Search code examples
marklogic

How registered queries work in MarkLogic?


In documentation it says "Registering a cts:query expression stores a pre-evaluated version of the expression"

Does this mean registering a query stores the actual result(XML documents) of the query in some cache?

If above is true

  • Will it affect the performance if the query matches large set of documents?
  • What cache is being used?
  • On updating/uploading a old/new document which satisfies the registered query will also update the cached (pre-evaluated) result?

If above is false what is the internal functionality of registered queries?


Solution

  • Registering a cts:query is useful for complex queries that you think will be used again, because it stores the intersected term list result so it doesn't have to be intersected again

    Imagine a complex cts:query with a lot of boolean constraints. When you reuse it as part of a larger query the server will have cached each individual term lists in the Term List Cache but it will still have to do all the intersection work for the larger query. By doing a cts:register() on the larger query you tell the server to store the intersected result, so it's available for as a cts:registered-query(). Saves server CPU effort.

    It was added originally for customers who wanted do define a dynamic search domain against which all searches would be executed (like what materials you've purchased from the site). When the search domain got sufficiently complex a lot of effort would go into just re-intersecting the same term lists. Having registered queries helped. User logs in, register their domain as a query, and reuse. The term list intersection work then would be just between their search and their pre-materialized domain.

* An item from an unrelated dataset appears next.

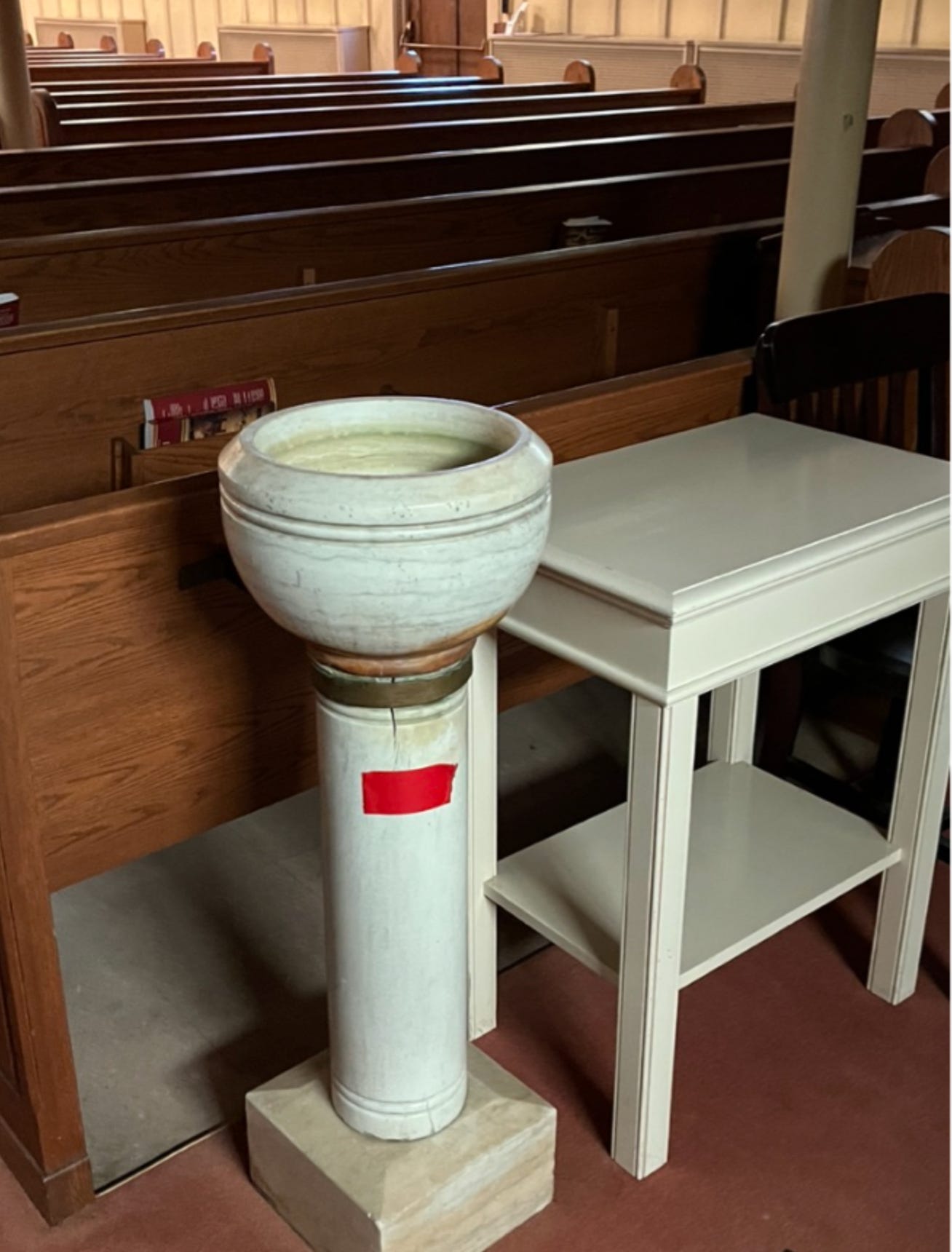 In one corner of the vestibule, there was a stainless steel cylinder filled with holy water. It had a small spigot at the bottom so people could come and fill their own bottles for home.  All good Catholic families knew to have some on hand at home for emergencies. Sickness, maybe? Death? Bad things? I just knew you should always have some on hand. Rules that you embraced. It’s like when the priests came around every January to bless homes. They would come in with their garments, holy water, and a red crayon. They’d say prayers of blessing, sprinkle holy water on the door, then mark the top of the doorframe in crayon with the date and the initials of the three kings. You just embraced it as part of normal life.

    The server does a pretty good job implicitly registering queries so it's not as necessary to do this manually as it used to be. Registration is cheap. It's just a lookup table of hashes of queries and the corresponding intersected term lists result. Since the result was already calculated on first use, it's cheap to store, no performance hit, just a bit of used memory. There's a fixed number allowed and lesser used ones are purged out.

    The cache is maintained per stand so the cache doesn't get stale even as you're changing data. Magic!

    I cover this in more depth in Inside MarkLogic Server including showing a usage pattern for how to easily use the feature.